- Maqsudlu-ye Sofla
- Coordinates: 39°28′34″N 47°29′01″E﻿ / ﻿39.47611°N 47.48361°E
- Country: Iran
- Province: Ardabil
- County: Ardabil
- District: Central
- Rural District: Aslan Duz-e Gharbi

Population (2016)
- • Total: 223
- Time zone: UTC+3:30 (IRST)

= Maqsudlu-ye Sofla =

Village in Ardabil province, Iran

Maqsudlu-ye Sofla (مقصودلوي سفلي) (Note: Also romanized as Maqşūdlū-ye Soflá; also known as Maqşūdlū-ye Pa'īn) is a village in Aslan Duz-e Gharbi Rural District (Note: Formerly Aslan Duz Rural District) of the Central District in Aslan Duz County, Ardabil province, Iran.

==Demographics==
===Population===
At the time of the 2006 National Census, the village's population was 212 in 43 households, when it was in Aslan Duz Rural District (Note: Renamed Aslan Duz-e Gharbi Rural District) of the former Aslan Duz District in Parsabad County.

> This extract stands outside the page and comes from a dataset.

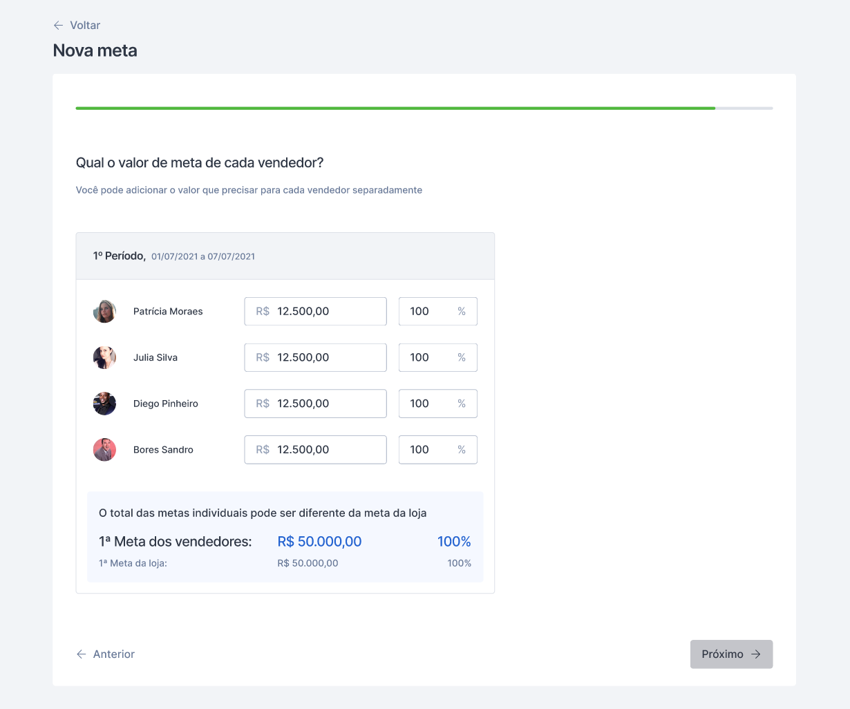 - O total das metas individuais deve ser igual ao valor total da meta da loja.

The following census in 2011 counted 210 people in 50 households. The 2016 census measured the population of the village as 223 people in 72 households.

In 2019, the district was separated from the county in the establishment of Aslan Duz County. The rural district was transferred to the new Central District and renamed Aslan Duz-e Gharbi Rural District.